2. Materials and Methods

2.1. Symbiont-Targeted Control Field Treatments

Field trials were performed in a commercial hazelnut orchard (cultivar Tonda Gentile delle Langhe) located in the municipality of Barge (Piedmont, Italy; 44°44′59.1″ N, 7°25′28.0″ E) during June and July 2022–2024 (

Table 1. Dates of treatments and surveys per year.

			Field Trial (Year)
			2022	2023	2024
Application date	Treatment	Anti-symbiont Biocomplex	-	22-June	27-June
			29-June	30-June	4-July
			9-July	10-July	15-July
			19-July	19-July	24-July
		Lambda-cyhalothrin	22-June	23-June	26-June
			13-July	14-July	14-July
Survey date		Survey 0 (pre-treatment)	21-June	21-June	21-June
		Survey 1	26-June	26-June	28-June
		Survey 2	1-July	7-July	8-July
		Survey 3	14-July	12-July	19-July
		Survey 4	25-July	24-July	26-July

).

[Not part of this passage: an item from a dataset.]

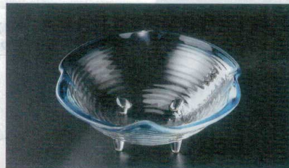
7-471-6 (51014210) ¥2,600 ブルーぼかし AC

The orchard was situated in a heterogeneous landscape surrounded by different crops such as corn and blueberries. The borders of the orchard contained spontaneous plant species (mainly Aegopodium podagraria, Phytolacca spp. and Fraxinus spp.). Within the orchard, three one-hectare plots were randomly selected, and each was randomly assigned to a treatment: (1) application of a micronutrient biocomplex (Dentamet^®—Diachem S.p.A., Caravaggio, Italy), previously used for anti-symbiont egg mass treatment, at a dose of 0.3 L/hL [26,30]; (2) treatment with lambda-cyhalothrin (Atlas^®—Ascenza Italia S.r.l, Saronno, Italy), an insecticide commonly used in hazelnut production, at a dose of 0.2 L/hL; (3) untreated control, where no insect management was conducted. All other farming practices (e.g., fungicide treatments) were the same in all plots. To determine the beginning of the anti-symbiont treatment, a pre-treatment survey (i.e., survey zero) was performed and the number of egg masses and individuals of H. halys was recorded. Visual inspections during survey zero consisted in randomly choosing 20 hazelnut trees distributed throughout the orchard and spending five minutes per plant in search of egg masses in the leaves. The trials lasted four weeks, starting in late June: four applications of the anti-symbiont biocomplex were made every 10 days (±1) starting from the first report of H. halys egg masses in the field until nut drop. In 2022, due to the late detection of H. halys egg masses at the beginning of the trial, only 3 treatments were applied. In the dedicated plot, an insecticide treatment was carried out after the first observation of adult H. halys, followed by a second treatment after two weeks (Table 1).

2.2. Assessment of Insect Community Composition

Insect surveys were conducted every 9 days (±3) after the symbiont-targeted treatment (Table 1). The first survey of 2022 assessed only the effect of the insecticide, as no biocomplex application had been applied at that date.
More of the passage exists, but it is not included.